Depictions of Black personhood in the exhibition vary widely. Melanin is shown as a spectrum that defies definition. Ghanaian painter Ablade Glover’s Coloured People (1984) is a bodiless, faceless dotted mishmash entirely stripped of human representation. Rhodesian Kingsley Sambo’s squiggly figures in School Child (1972) are simply gestural. Bahamian-American Lavar Munroe’s pink-skinned figures in The Most Vulnerable Amongst Us (Sip Sip) (2019) are almost sci-fi or otherworldly.

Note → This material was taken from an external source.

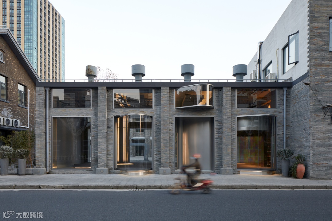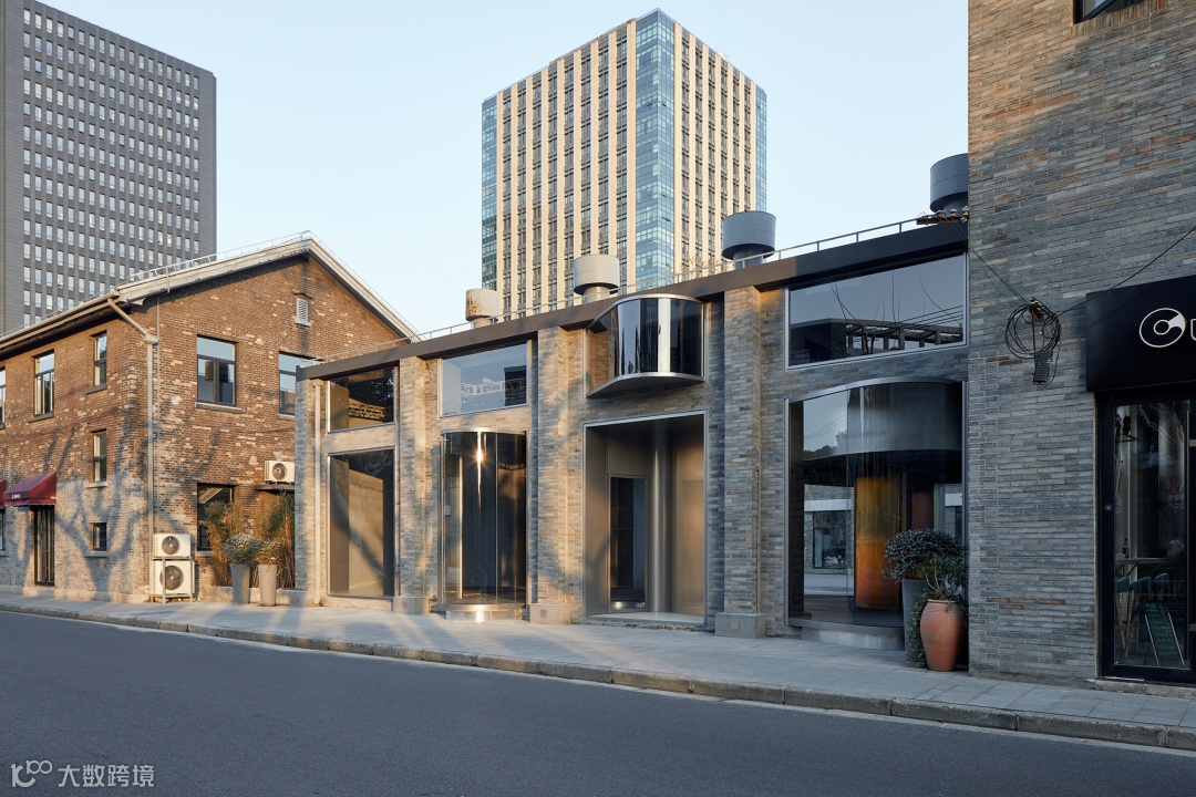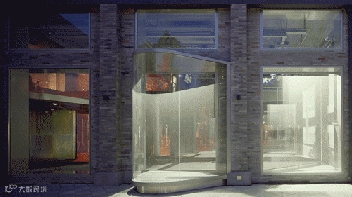 首先,设计师在开窗的位置嵌入若干向外凸出的弧形玻璃界面,作为建筑内部空间的延伸。人们可以真切的步入其中,在感受数字光影效果的同时,又融入街道。

By contrast, Yoyo Lander’s I Can’t Keep Making the Same Mistakes (2021) revels in the beauty of a multitoned, multilayered approach in watercolor variants.
Although gender isn’t a distinguished theme here, the depictions of women throughout the exhibition are especially wonderful. Standouts include South African Cinthia Sifa Mulanga’s Wait Your Turn – Competitive Sisterhood (2021), in which a group of women perfect their looks in the archways of a large apartment, a quiet solo portrait The Reader (1939) by American painter William H. Johnson, and queenly poses in South African Zandile Tshabalala’s stylish Two Reclining Women (2020).
What feels important about the exhibition, and ones like it, is the necessary broadening of global references. Objectively, the statistics of representation for Black artists in the art world remain disheartening in both museum collections and on the market, barring a very tiny handful of blockbuster names. This exhibition is a welcome refuge from that reality.